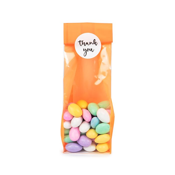 Progettati per contenere articoli da regalo, dolciumi, vendita al dettaglio e mercati, i sacchetti con fondo a blocco arancione neon con inserto in carta si fanno notare. Caratterizzato da un retro arancione neon e da un fronte trasparente, il sacchetto FGPB17NO misura 7 x 5,1 x 25,4 cm ed è adatto per articoli come prodotti da forno, caramelle sfuse, cosmetici, incenso, artigianato e altro ancora. Ogni sacchetto è dotato di un inserto di carta bianca che permette al sacchetto di stare in piedi da solo e fornisce una maggiore stabilità. Per comodità, questi sacchetti vengono forniti aperti, ma possono essere sigillati con una termosaldatrice, fiocchetti pre-stesi, lint o possono essere ripiegati e fissati con un adesivo o un'etichetta personalizzata.
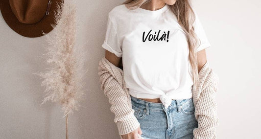 Voilà t-shirt, hand printed UNISEX tshirt, french quote tee, graphic calligraphy print, minimalist fashion, unique gift, ethical fashion
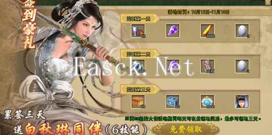 三、新服签到 领白秋琳同伴(6技能) 新服开启,签到打卡不仅可以领取大量的物资奖励,还可额外获得稀有的强力同伴:白秋琳(6技能),伴随大侠开启新的江湖人生!
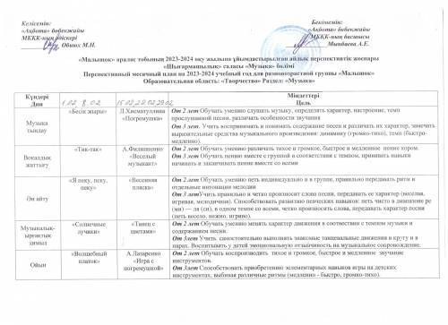«Ақбота бөбекжайы» МКҚК «Тілге бойлау» пилоттық жобасын іске асыру жоспары
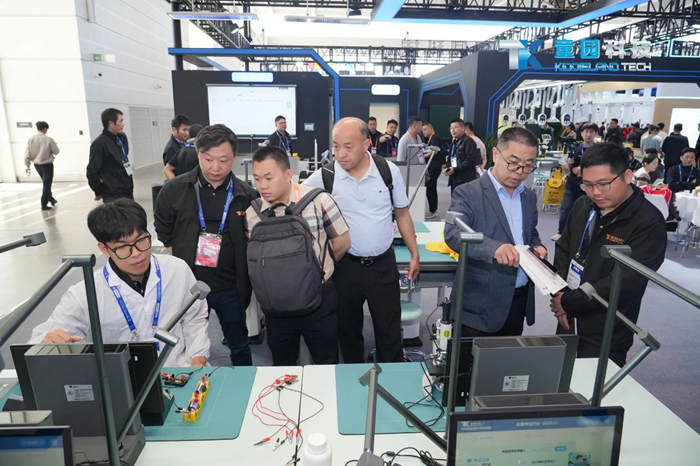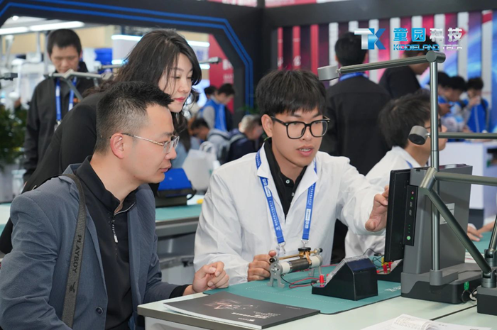 此次展會,童園科技以理化生智能實驗室為基石,深度聚焦中考實驗操作考評系統(tǒng)與AI評分系統(tǒng)在教育領(lǐng)域的創(chuàng)新應(yīng)用,精心設(shè)置了理化生智能實驗室(升降塔吊區(qū)、搖臂塔吊區(qū))、中考實驗操作考評系統(tǒng)、AI評分系統(tǒng)、危化品區(qū)及組培區(qū)等六大分區(qū),為參觀者打造了沉浸式觀展體驗,讓大家全方位感受教育科技融合的魅力。
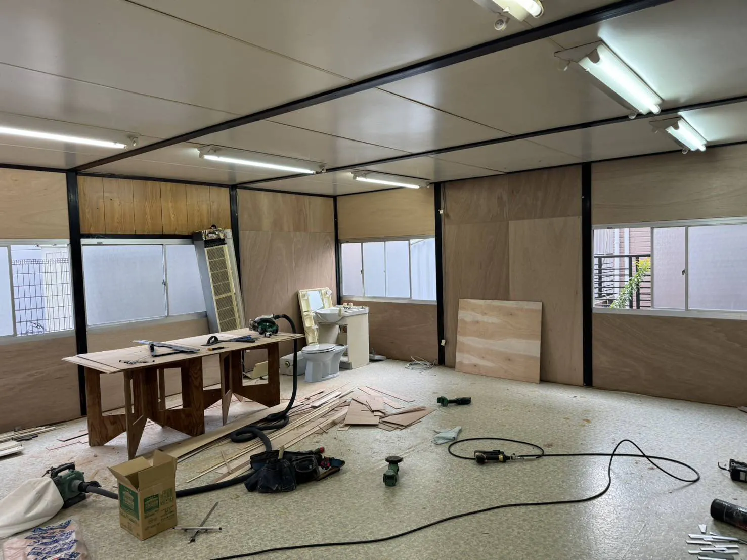 内装のリフォーム工事が終わったら、リビングテーブルに長机や椅子、パーテーションに事務机、パソコン、冷蔵庫、電子レンジを入れる予定です。
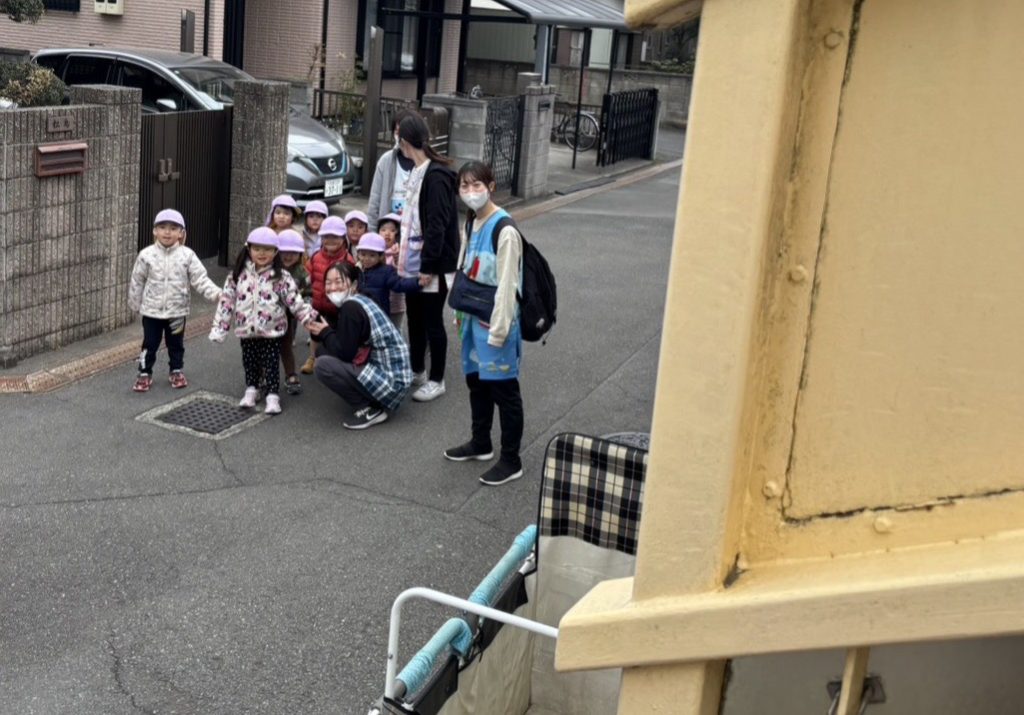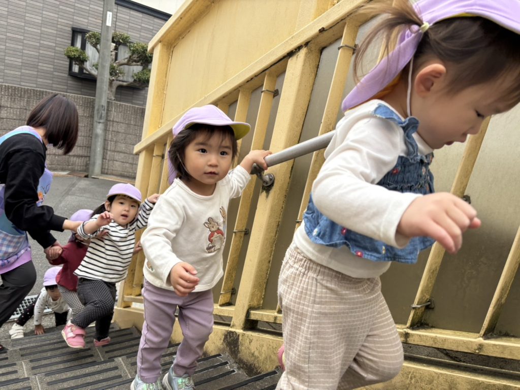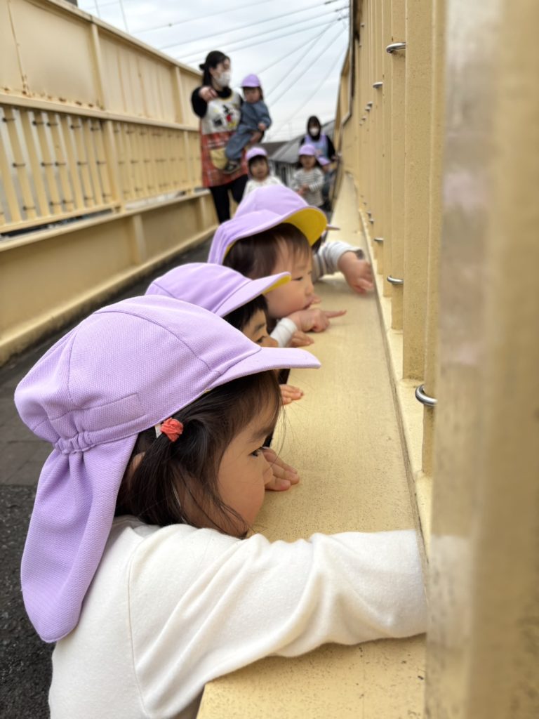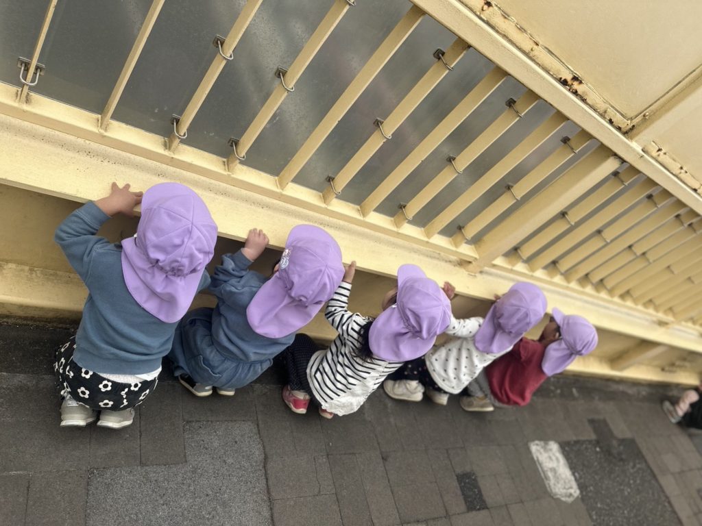 園庭で少し遊んだ後、歩道橋までお散歩へ🎵
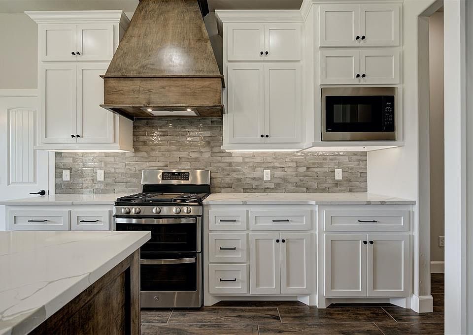 Cathedral-style ceilingsGas rangeWhirlpool tubBuilt-in microwavePrimary suiteDouble vanitiesLuxurious walk-in shower
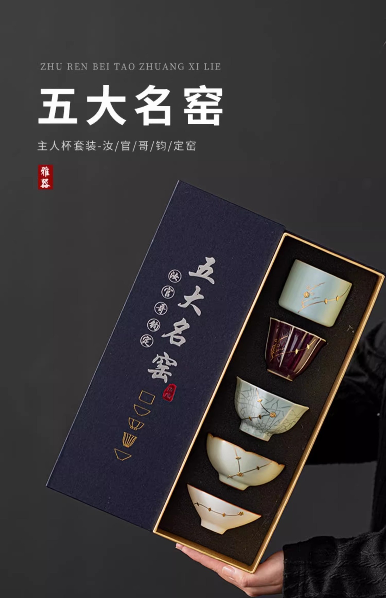 故宫文创五大名窑茶杯手工高档礼盒送长辈老师领导伴手礼品定制
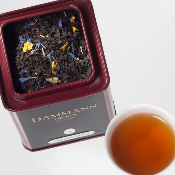 Thé noir parfumé « Jardin bleu » aromatisé à la rhubarbe et à la fraise et fraise des bois le tout parsemé de pétales de fleur. Vous obtiendrez une liqueur parfumée à peine sucrée qui vous envoutera.

**Problem description**
Could you print all of the entries above exactly as written, minus the pictures?

**Reply**
 Progettati per contenere articoli da regalo, dolciumi, vendita al dettaglio e mercati, i sacchetti con fondo a blocco arancione neon con inserto in carta si fanno notare. Caratterizzato da un retro arancione neon e da un fronte trasparente, il sacchetto FGPB17NO misura 7 x 5,1 x 25,4 cm ed è adatto per articoli come prodotti da forno, caramelle sfuse, cosmetici, incenso, artigianato e altro ancora. Ogni sacchetto è dotato di un inserto di carta bianca che permette al sacchetto di stare in piedi da solo e fornisce una maggiore stabilità. Per comodità, questi sacchetti vengono forniti aperti, ma possono essere sigillati con una termosaldatrice, fiocchetti pre-stesi, lint o possono essere ripiegati e fissati con un adesivo o un'etichetta personalizzata.
 Voilà t-shirt, hand printed UNISEX tshirt, french quote tee, graphic calligraphy print, minimalist fashion, unique gift, ethical fashion
 三、新服签到 领白秋琳同伴(6技能) 新服开启,签到打卡不仅可以领取大量的物资奖励,还可额外获得稀有的强力同伴:白秋琳(6技能),伴随大侠开启新的江湖人生!
«Ақбота бөбекжайы» МКҚК «Тілге бойлау» пилоттық жобасын іске асыру жоспары
 此次展會,童園科技以理化生智能實驗室為基石,深度聚焦中考實驗操作考評系統(tǒng)與AI評分系統(tǒng)在教育領(lǐng)域的創(chuàng)新應(yīng)用,精心設(shè)置了理化生智能實驗室(升降塔吊區(qū)、搖臂塔吊區(qū))、中考實驗操作考評系統(tǒng)、AI評分系統(tǒng)、危化品區(qū)及組培區(qū)等六大分區(qū),為參觀者打造了沉浸式觀展體驗,讓大家全方位感受教育科技融合的魅力。
 内装のリフォーム工事が終わったら、リビングテーブルに長机や椅子、パーテーションに事務机、パソコン、冷蔵庫、電子レンジを入れる予定です。
 園庭で少し遊んだ後、歩道橋までお散歩へ🎵
 Cathedral-style ceilingsGas rangeWhirlpool tubBuilt-in microwavePrimary suiteDouble vanitiesLuxurious walk-in shower
 故宫文创五大名窑茶杯手工高档礼盒送长辈老师领导伴手礼品定制
 Thé noir parfumé « Jardin bleu » aromatisé à la rhubarbe et à la fraise et fraise des bois le tout parsemé de pétales de fleur. Vous obtiendrez une liqueur parfumée à peine sucrée qui vous envoutera.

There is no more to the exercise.